新型コロナウイルス感染拡大の影響で、レーシングドライバーによる人種差別発言騒動を巻き起こす事態となった。 人種差別発言をしたカイル・ラーソン(鶴田真也撮影) ファンを楽しませるためのバーチャルレースで・・・  米ストッカーシリーズ、NAS…

 新型コロナウイルス感染拡大の影響で、レーシングドライバーによる人種差別発言騒動を巻き起こす事態となった。

 

人種差別発言をしたカイル・ラーソン(鶴田真也撮影)

 

ファンを楽しませるためのバーチャルレースで・・・

 

 米ストッカーシリーズ、NASCARのトップカテゴリーに参戦する日系米国人のカイル・ラーソン(27)がバーチャルレースに参加中にアフリカ系住民を侮蔑する言葉を発したとして、NASCAR側から無期限出停止処分を科され、所属する名門チーム・チップガナシレーシングからも解雇されてしまった。

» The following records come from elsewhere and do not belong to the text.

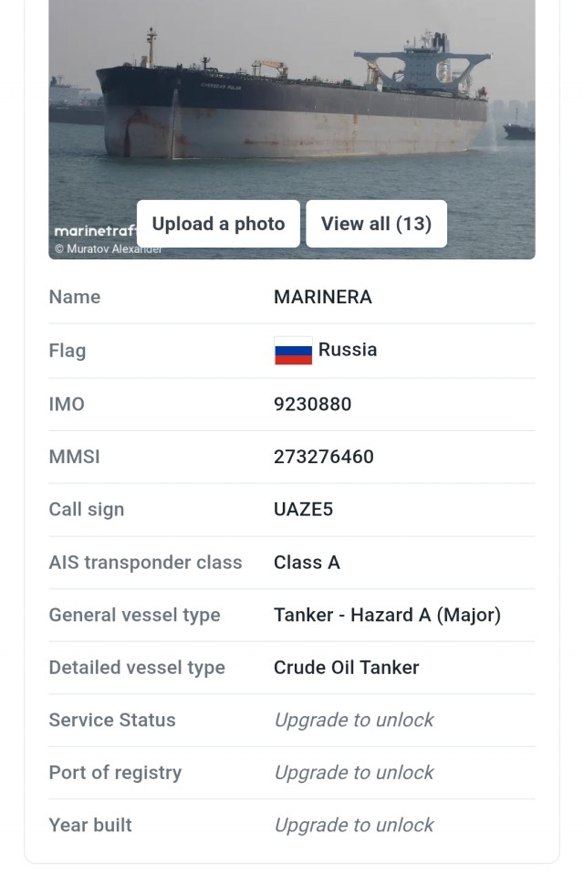 Окрім Marinera, під російський прапор на початку січня 2026 року почали масово переходити й інші підсанкційні танкери «тіньового флоту». .Бо саме вони часто використовують схеми з постійною зміною назв, прапорів і реєстрів, щоб ускладнити контроль і уникати відповідальності. Таким чином росія намагається надати йому свій «державний захист» через зміну прапора. . Але ж як бачимо спроба змінити реєстрацію не вирішує проблему. Навіть якщо зараз судно і числиться російським, це не означає, що воно автоматично отримує імунітет за попередні дії.....Що зараз американці своіми діями доволі успішно і рішуче доводять...
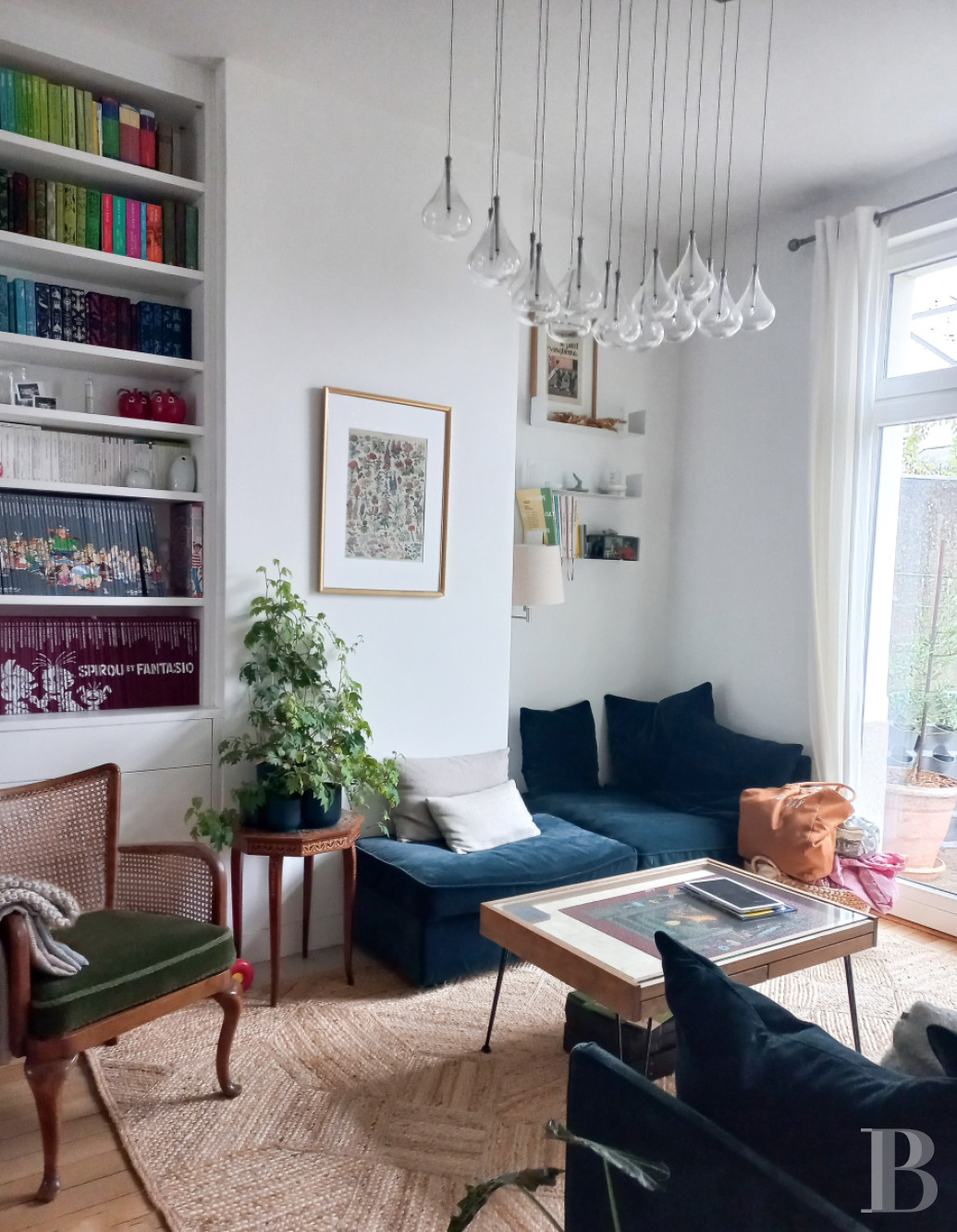 La porte en bois cintrée ouvre sur une entrée au sol pavé de carreaux de ciment emblématique du début du 20e s., prolongée par quelques marches. Un dégagement mène à une salle à manger, ouverte sur un salon, puis à un couloir. Largement éclairées et surélevées par rapport à la rue, les pièces donnent sur une terrasse côté jardin. Les sols sont parquetés et les murs peints en blanc. Une bibliothèque occupe une partie de l'un des pans de mur. Dans le couloir, deux portes donnent accès à un bureau et à une cuisine. Une troisième ouvre sur une salle d'eau avec toilettes. La cuisine, au sol carrelé, est lumineuse grâce à une baie et une porte vitrée.
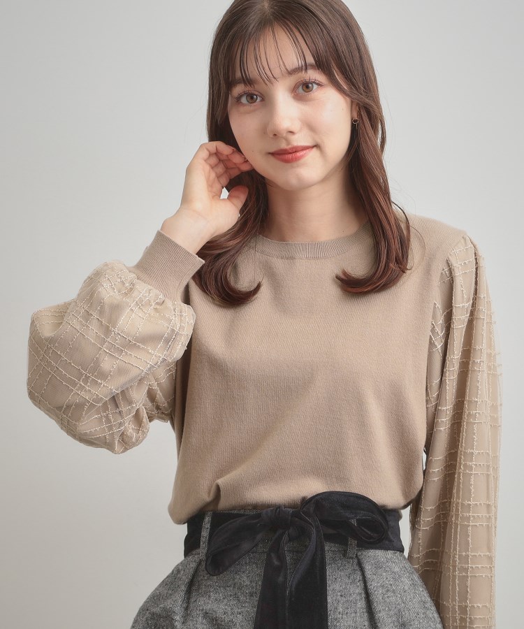 【フェミニン・着映え】袖チェックチュール ドッキングニット

 ラーソンは12日、バーチャルレースのライブ配信でマイクチェックをした際に「僕の声が聞こえるかい?」と言い、続けざまにアフリカ系住民を意味する人種差別用語も発した。14日に自身のツイッターに「とにかく申し訳ないと言いたい。決して言ってはならない言葉を使ってしまった」と謝罪する動画を公開したが、時すでに遅しだった。

 NASCARから出場停止処分を受け、所属先から解雇された。さらに大口スポンサーとなっていた自動車ブランドのシボレー、ファストフード大手マクドナルドなどから契約解除を通告された。

 バーチャルレースはNASCARが新型コロナウイルスの感染拡大でシリーズが第4戦を最後に中断したことから、ファンを楽しませるために企画された。レースはライブ配信サービスを通じてインターネットで生中継され、出場しているドライバーの音声も公開されていた。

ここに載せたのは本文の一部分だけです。